Kefir Water: The Happy Medium
Kefir water is like the middle cousin of the kombucha and milk kefir. Unlike its relatives, the origins of kefir water are relatively unknown, with different sources citing different locations and points in time for its discovery. It's made from water kefir grains (which are similar to those used in milk kefir) and sugar water. The result is a slightly fizzy, sweet drink—less tart and acidic than kombucha, and caffeine-free.
Similar to milk kefir, kefir water undergoes lactic acid fermentation, producing LABs that make it a great source of probiotics. How? The SCOBY for kefir water, while very similar to the one in milk kefir, uses sucrose instead of lactose for its fermentation (this is why sugar is needed, since water is just water). This allows similar LAB varieties to be present in kefir water, even though it is completely vegan. Fermentation is also quick like milk kefir!
Kefir water was the new kid on the block for a while, but slowly more and more types are popping up on the market. Our hope is that it one day reaches the same celebrity status as kombucha!

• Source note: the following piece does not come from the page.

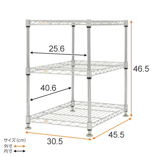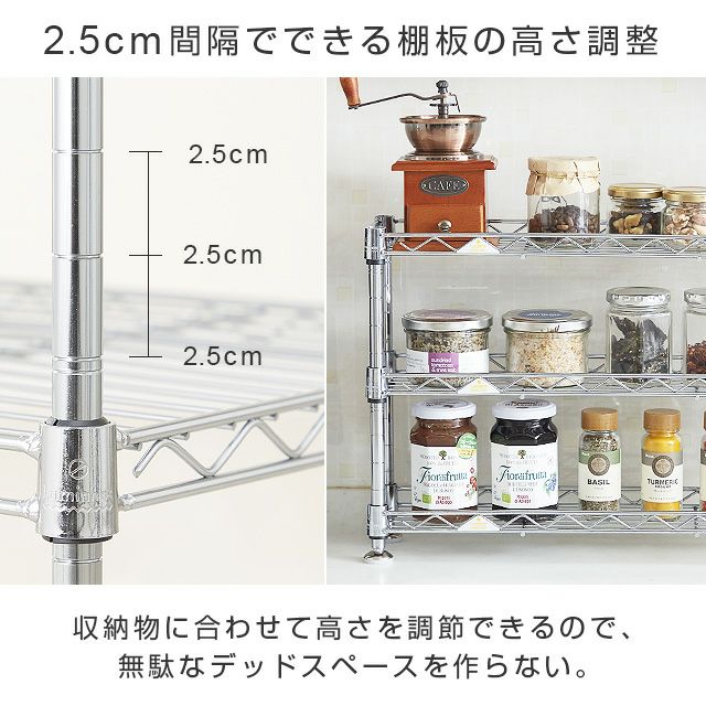 シェルフ(棚)・ポール:スチール(クロームメッキ) スリーブ:ABS樹脂 |

Which One Should You Choose?
Well, it all depends on your taste preferences and dietary restrictions! Kombucha is perfect for tea lovers who love tart flavours and could use some digestive help, and milk kefir is ideal for those who can tolerate lactose and really want to get in their probiotics. Kefir water is great for those who are dairy-free but still want to stock up their system on probiotics, have caffeine sensitivity, and prefer lighter, sweeter beverages.
Ultimately, the best way to take care of your gut is to eat and drink a wide variety of fermented foods, so why not try them all? Each fermented beverage has its very own unique ecosystem of belly-balancing bacteria and yeast that is ready to get to work on making you feel great! So, raise a glass (or a can!) and cheers to good gut health!